There would be a catastrophic explosion of biblical porportions


----------



## Electric_Light (Apr 6, 2010)

1joeyj said:


> What would happen if you installed T8 lamps onto a T12 ballast? They are 2 lamp 3' and 4' luminaires.


T12 is 0.43A (or thereabout) and T8 is 0.265A.
The operating voltage is much higher on T8. 

On magnetic T12, the lamps either won't start/flash obviously or if it manages to remain lit, either the ballast or lamp will fail soon. 
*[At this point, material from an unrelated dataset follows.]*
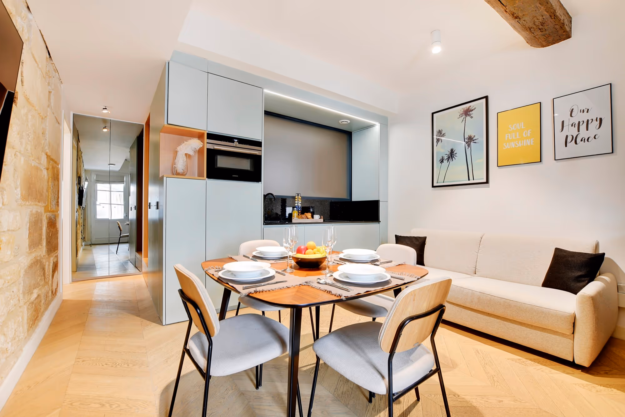 Ce bel appartement de 52 m² est situé au rez-de-chaussée d'une cour calme, au 14 rue de Birague. Idéalement situé au plus près de la place des Vosges, et proche du Marais, il bénéficie d'une localisation exclusive et vous invite à séjourner au plus près de l'activité culturelle de Paris.\n\nIl s'ouvre sur un séjour spacieux, où vous trouverez une télévision connectées, et un canapé convertible pour deux personnes.\nLa cuisine entièrement équipée dispose de tout l'électroménager nécessaire pour un séjour comme à la maison, ainsi qu'un coin repas, idéal pour partager des moments de convivialité, discuter ou travailler.\n\nAu même niveau, la chambre principale est équipée d'un lit Queen-Size ainsi que d'une literie de qualité hôtelière.\nDe l'autre côté du couloir, la salle de bain dispose d'une grande douche à l'italienne et d'un WC.\n\nL'atout majeur de cet appartement, un escalier menant à un étage destiné à la détente. \nComposé d'un coin salon avec un canapé confortable et une grande télévision connectée, et d'un superbe sauna où vous pourrez vous détendre après une longue journée de visites.\n\n\nPour un maximum de confort, cet appartement dispose d'un lave-linge séchant, d'un lave-vaisselle, d'un micro-ondes, d'une machine à café Nespresso, et du wifi au débit.\n\n\nNous proposons des options d'arrivée simplifiées :\n\n- Vous pourrez accéder à votre appartement dès qu'il sera prêt. Nous sommes toujours disponibles par téléphone ou par chat si vous avez besoin de quoi que ce soit.\n\n- Nous recommandons également notre option de service de chauffeur premium. Notre chauffeur vous attendra à la sortie avec votre nom et vous conduira directement à l'appartement.\n

On electronic T12, the ballast will have enough voltage to strike a T8. The ballast will operate at higher wattage than intended, because the voltage is higher while providing the same current, its likely that ballast will fry.
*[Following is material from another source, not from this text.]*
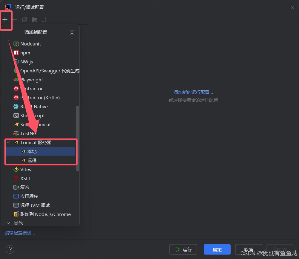 点击加号,选择本地Tomcat

on the other hand, running T12s on T8 ballast will cause them to operate as if a 25W 2' lamp was fitted in place. They will simply run at reduced power. On an instant start without cathode heater, the cathodes may not stay hot enough and ends may blacken rather early.


----------



## MarkyMark (Jan 31, 2009)

1joeyj said:


> What would happen if you installed T8 lamps onto a T12 ballast? They are 2 lamp 3' and 4' luminaires.


They will work for awhile and then fry the ballast. Judging from the gym where I replaced about 30 ballasts a couple of years ago, about 75% of them will burn out within three months. This, after an enterprising gym manager changed out every T-12 lamp in the place to T-8's to "save money."


----------